Mailing List Archives
Authenticated access
|
|
|
[Date Prev][Date Next][Thread Prev][Thread Next][Date Index][Thread Index]
RE: [Condor-users] condor_rm not killing subprocesses
- Date: Mon, 6 Jun 2005 18:28:07 +0100 (BST)
- From: Bruce Beckles <mbb10@xxxxxxxxx>
- Subject: RE: [Condor-users] condor_rm not killing subprocesses
I'm a little confused by your note of no operating system support. I
have indicated a reliable way of finding these processes, at least on
Linux. I now only seek some way of having Condor use this method, even
if it means wrapping the condor executables.

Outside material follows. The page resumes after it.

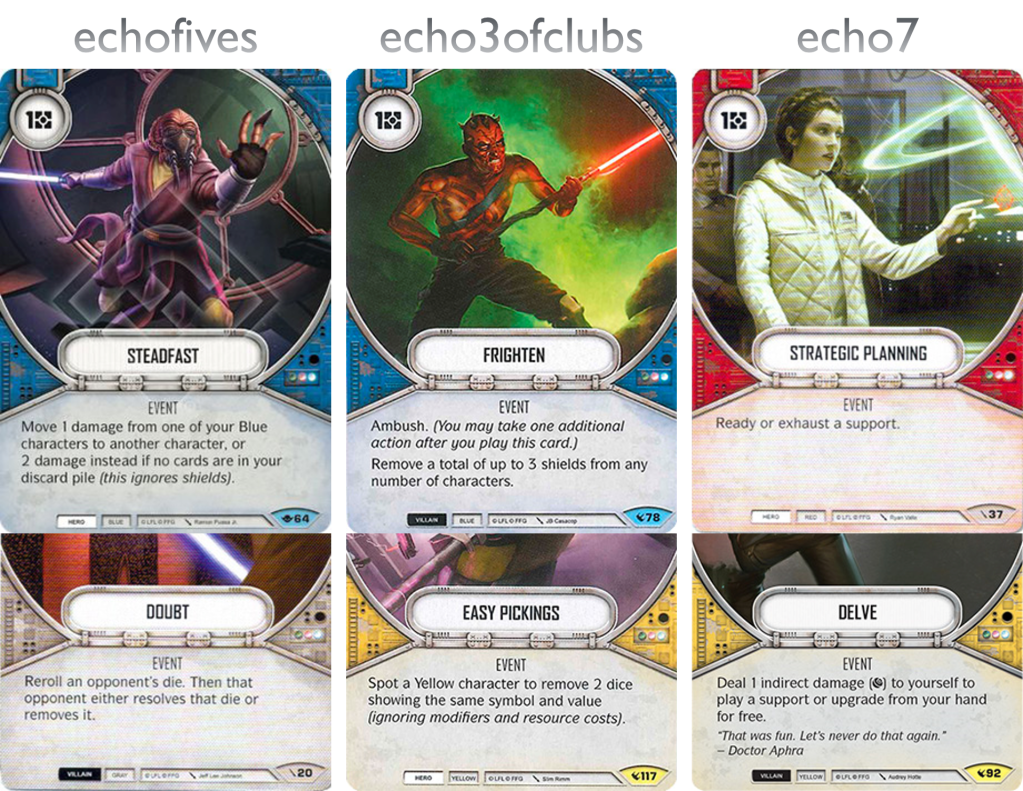 echo3ofclubs: We’ve all played Vader’s Fist and we all secretly love it. Getting to 5 resources is pretty easy to do in the current state of Destiny and given the impact this card has had on the meta I’ve always been surprised that this card never received even a small errata. It’s the ultimate feel bad card when your opponent slams this on the table. “Fist? – GG“.

If you are using the dynamically linked Condor executables you could
always write your own replacement signalling functions, put them in a
library and use LD_PRELOAD to have your library handle Condor's kill
signals. That's a non-trivial amount of work, of course, but it would do
it.
Alternatively, you could (using the USER_JOB_WRAPPER feature) arrange for
a process to start up that ptraces the user's job's main process, and,
when it dies, sends a kill signal to all its children. That is also a bit
nasty to implement, and there are various edge-cases you need to consider.
A simpler solution is to use either the system cron facility or Condor's
STARTD_CRON facility to run a job once a minute that checks to see if a
Condor job is supposed to be running; if so it exits - if not, it looks
for any stray child processes and kills them. That's what we do here.
Of course, you run into problems if Condor starts another job within a
minute of the previous job finishing...
Perhaps the simplest solution (using the USER_JOB_WRAPPER feature) is to
have a wrapper that kills any stray processes left behind by the previous
job when a new job starts. That assumes that all jobs run under the same
UID, of course, or else you have to get clever with something like sudo or
userv (*) or sud (**). But if all jobs run under the same UID, you might
as well use dedicated user acoounts as I mentioned in my previous reply.
(*) http://www.chiark.greenend.org.uk/~ian/userv/
(**) http://sud.sourceforge.net/
For reference (in the 6.6 series):
USER_JOB_WRAPPER: http://www.cs.wisc.edu/condor/manual/v6.6/3_3Configuration.html#9119
STARTD_CRON: http://www.cs.wisc.edu/condor/manual/v6.6/3_3Configuration.html#8744
Hope that is of some use/interest,
-- Bruce
--
Bruce Beckles,
e-Science Specialist,
University of Cambridge Computing Service.